The summer of 2023 was a great season for uncomfortable films to watch with your Japanese father. I was unsure of how he’d react to “Oppenheimer,” considering we’d only gotten back from Hiroshima the month before. I even tried watching less controversial movies with him, but he slept through Itami’s “The Funeral” and played on his iPad while I watched “Hausu.”
Hayao Miyazaki films were always the safest bet — this I knew from years of watching Ghibli movies from my dad’s beloved DVD collection. But when our Japanese DVD player died, we lost the only way to play these films. Neither of us were capable of changing the regional settings on an American disc player. And so followed years of me dragging my dad to arthouse screenings and of him complaining that he’d never trust me to take him to another movie ever again.

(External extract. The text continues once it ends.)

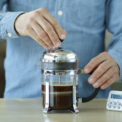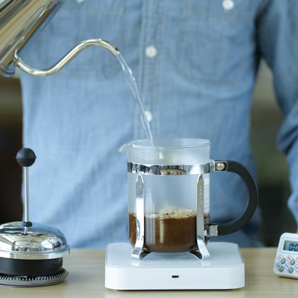 프렌치 프레스 커피는 밀도가 높고 무거우면서, 고유의 우아함이 있습니다. 그리고 모든 방식이 그러하듯, 핵심은 바로 디테일에 있습니다. 프렌치 프레스 커피의 온전한 맛을 표현해내기 위해서는 추출이 끝난 직후에 바로 옮겨 담아 커피가 쓰거나 탁해지지 않도록 해야 합니다. 그러고 나서 프렌치 프레스 본연의 풍부하고 황홀한 맛을 즐기세요. 한 잔의 커피를 내리기에 4분이면 충분합니다.

Until this summer, when I rediscovered the DVD section of the library and haven’t turned back since. I checked out “Nausicaä,” and watched the movie with my dad for the first time in years.
I love “Nausicaä” for the bridge it has built me across the Pacific Ocean. But I love it even more for its condemning messages regarding sexism, the environment and nuclear war.
For those who have yet to watch Miyazaki’s greatest film: “Nausicaä” is a far-future dystopian in which war has rendered the majority of Earth uninhabitable. Nausicaä is the princess of the Valley of the Wind, one of the few places left safe from an encroaching toxic forest. The primary conflict ensues when Nausicaä’s father is murdered by the militia of another kingdom – one seeking to take over the planet from a class of violent insects by reintroducing a bioweapon of mass destruction: an egg whose species caused the first war.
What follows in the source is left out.